Deficit della visione dei colori
Vedi anche: CVD, color blindness, colour blindness, colour vision deficiency
Termine ombrello per le condizioni genetiche o acquisite che influenzano la percezione dei colori. Colpisce circa l'8% degli uomini e lo 0,5% delle donne a livello mondiale. Il criterio WCAG 1.4.1 vieta il colore come unico mezzo per trasmettere informazioni.
Il deficit della visione dei colori (CVD) — spesso impropriamente chiamato «daltonismo» — indica una famiglia di condizioni genetiche o acquisite che influenzano il modo in cui l’occhio percepisce i colori. La prevalenza è di circa l’8% degli uomini e lo 0,5% delle donne a livello mondiale, il che lo rende di gran lunga il deficit visivo più comune.
I principali tipi
- Deuteranopia / deuteranomalia — CVD rosso-verde, il più diffuso in assoluto. Il rosso e il verde sono difficili da distinguere; particolarmente problematico a bassa saturazione.
- Protanopia / protanomalia — anch’esso rosso-verde, ma con un difetto diverso delle cellule a cono. I rossi appaiono più scuri; la confusione rosso-verde è simile per schema alla deuteranopia.
- Tritanopia / tritanomalia — CVD blu-giallo. Molto più raro (prevalenza ~0,01%). Blu e giallo vengono confusi.
- Monocromazia / acromatopsia — vero daltonismo; completa incapacità di percepire i colori. Estremamente raro (~1 caso su 30.000).
Il termine comune «daltonismo» si riferisce di solito alla deuteranopia o alla protanopia — la famiglia rosso-verde. La gravità varia enormemente, da lievi difficoltà di discriminazione all’incapacità quasi totale di distinguere il rosso dal verde.
Cosa richiede WCAG
Il criterio pertinente è 1.4.1 Uso del colore — Livello A — che stabilisce che il colore non può essere utilizzato come unico mezzo per trasmettere informazioni, indicare un’azione, sollecitare una risposta o distinguere un elemento visivo.
In pratica ciò esclude:
- Validazione dei moduli tramite solo colore. Un bordo rosso attorno a un campo non valido, senza icona di errore e senza messaggio testuale, non è conforme.

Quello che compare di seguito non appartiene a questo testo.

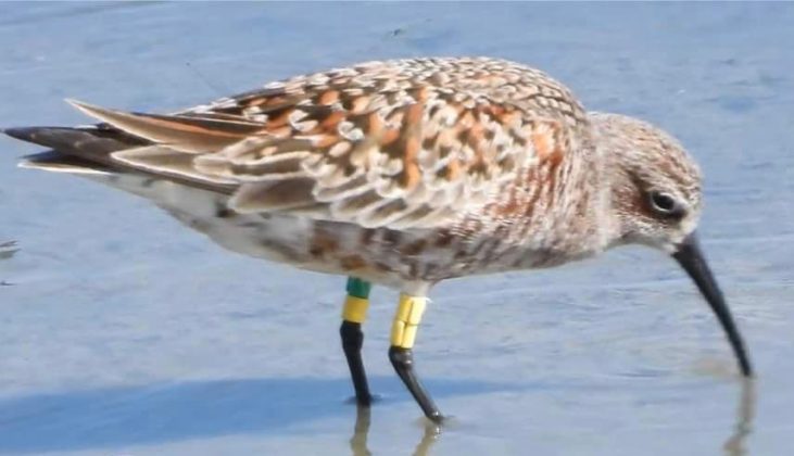 Ky shpend është individ i gjelëzës gushëkuqe (Calidris ferruginea) që është unazuar në mars të vitit 2018 në arkipelagun Bijagos në Gine-Bisonë e largët në Afrikën Perëndimore.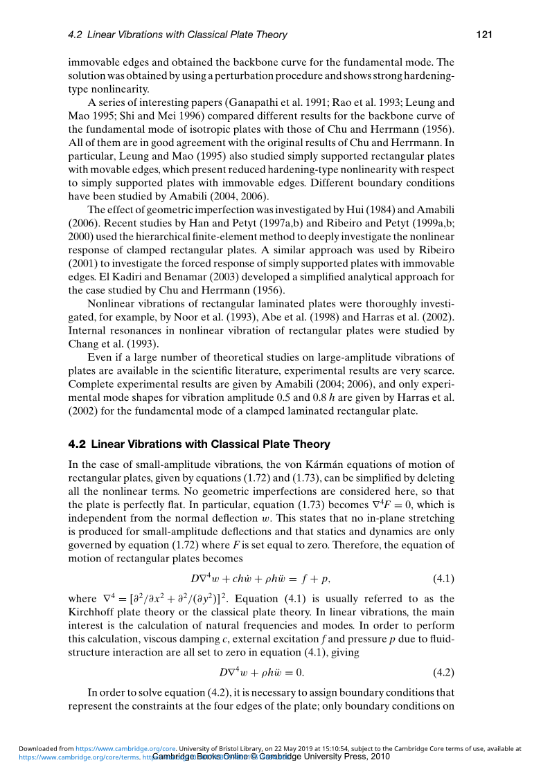 Hui(1984)和Amabili(2006)研究了几何缺陷的影响。Han和Petyt(1997a,b)以及Ribeiro和Petyt(1999a,b; 2000)的最新研究使用分层有限元方法深入研究了固定矩形板的非线性响应。Ribeiro(2001)使用了类似的方法来研究具有固定边缘的简单支撑板的强迫响应。El Kadiri和Benamar(2003)为Chu和Herrmann(1956)研究的案例开发了一种简化的分析方法。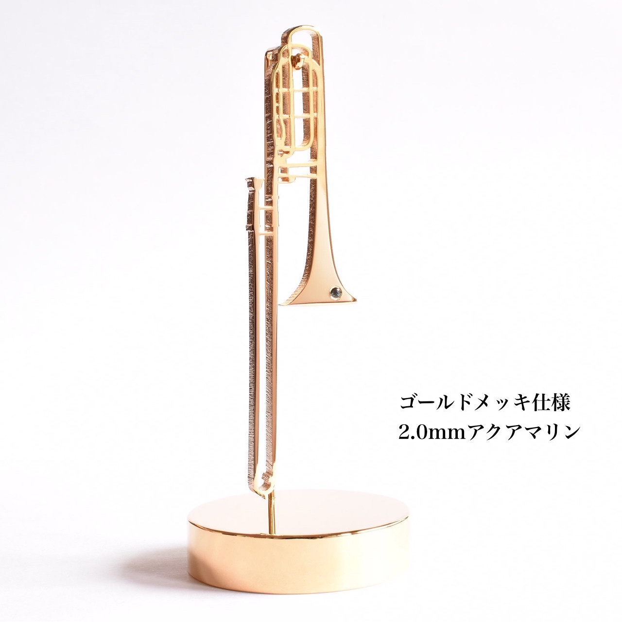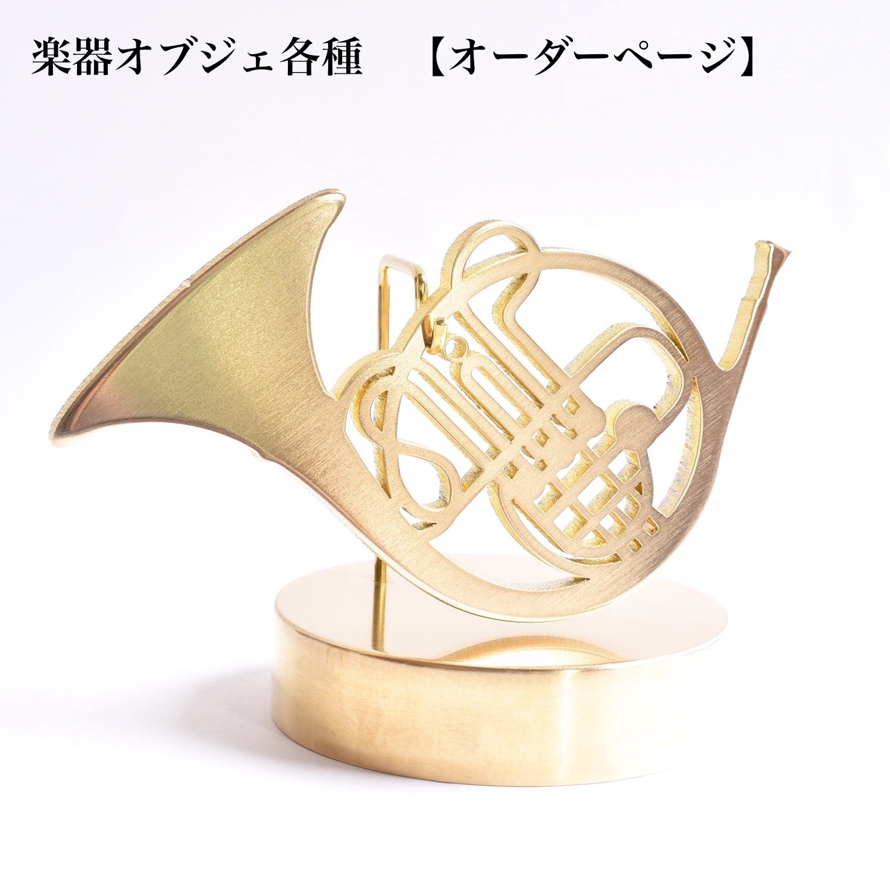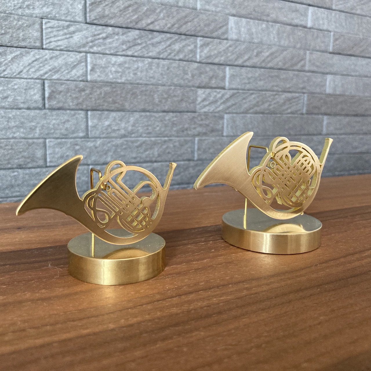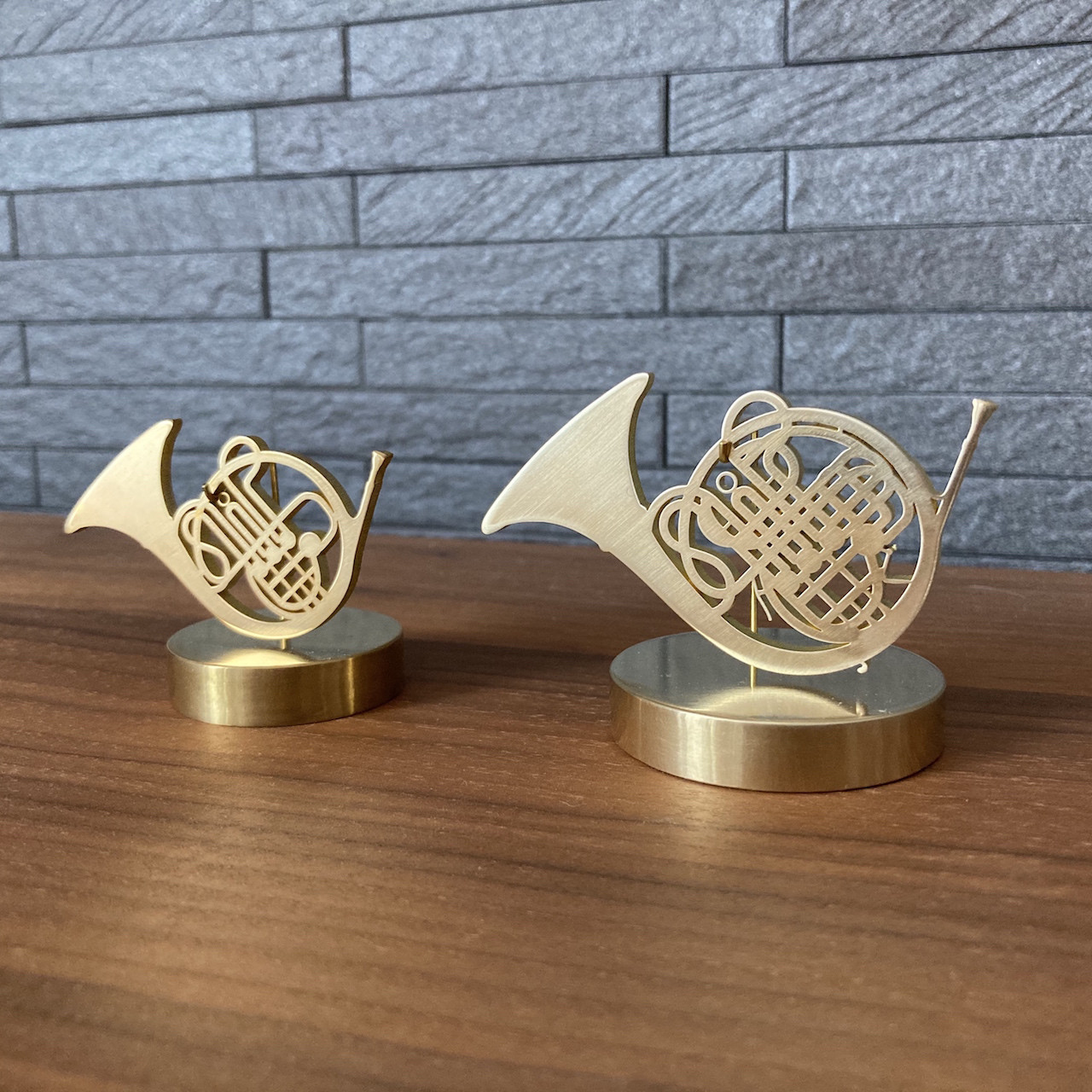 3mm厚の真鍮板の切り抜きによって楽器の機能美を表現したオブジェです。直径4cmの土台にハンギングして固定しており、もっとも美しいバランスで自立しております。手の平にちょこんと乗るサイズ感で、結婚式や記念日のギフトとしても人気の商品です。箱だしの綺麗な状態も良いですが、経年変化で渋くなった色合いも美しく、真鍮の風合いを楽しみながら長くご愛用頂ける商品となります。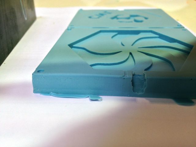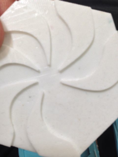 -- It is better to have some plastic spilling out of the hole than not having enough. In my case one of the sides of the tile was not well finished. I had to make a second cast to make sure the plastic would fill the mold completely.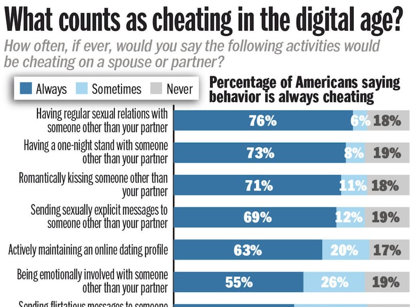 Half of Americans "say sending flirtatious messages is always cheating, 19 percent say the same about watching pornography without a partner and 16 percent say following an ex on social media is always cheating. But in each of these cases, at least 25 percent of respondents say these activities 'sometimes' constitute cheating," the Deseret News reported, drawing on a survey commissioned for the article.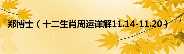 大家好,综合小编来为大家讲解下。郑博士,十二生肖周运详解11.14-11.20这个很多人还不知道,现在让我们一起来看看吧!

L’utente con CVD non percepisce il bordo come rosso.
- Serie nei grafici identificate solo dal colore. Un grafico a linee con cinque serie in colori diversi e senza etichette accanto a ciascuna linea. Gli utenti con CVD non riescono a distinguere le serie.
- Badge di stato identificati solo dal colore. Un elenco di elementi in cui verde = ok e rosso = errore, senza testo né icona. Gli utenti con CVD non riescono a distinguerli.
Cosa questo non significa
Il criterio 1.4.1 NON vieta l’uso del colore per trasmettere informazioni — richiede soltanto che il colore non sia il solo mezzo. Pertanto:
- Bordo rosso di errore + icona di errore + testo del messaggio di errore = conforme. (Il colore rinforza il significato, ma non lo porta da solo.)
- Serie nel grafico identificate da colore + forma della linea (continua, tratteggiata, punteggiata) + etichette alle estremità = conforme.
- Badge di stato con colore + icona + testo = conforme.
Test per il CVD
Tre metodi di verifica ragionevoli:
- Simulazione. Le estensioni del browser (Funkify, Stark, axe DevTools Pro) mostrano la pagina così come la vedrebbe un utente con CVD. Utile per controlli spot durante lo sviluppo.
- Conversione in scala di grigi. Un rapido controllo di coerenza — se il design funziona ancora in puro grigio, funziona per la maggior parte dei pattern CVD.
- Test con utenti reali. Coinvolgere persone con CVD nelle sessioni di usabilità. Meglio di qualsiasi simulazione.
Cosa non è CVD, ma è adiacente
Il deficit della visione dei colori è distinto da:
- Ridotta sensibilità al contrasto — occhi anziani, condizioni di ipovisione — affrontata dalle regole di contrasto WCAG 1.4.3/1.4.11.
- Fotofobia — sensibilità alla luce — affrontata dalle preferenze di riduzione del movimento e dalle opzioni di modalità scura.
- Cataratta o ingiallimento del cristallino — comune con l’età, modifica la temperatura del colore percepita senza produrre i pattern classici del CVD.
Progettare per il CVD è un requisito di base per tutti, ma non sostituisce la conformità al contrasto, la modalità scura o la riduzione del movimento come pratiche separate.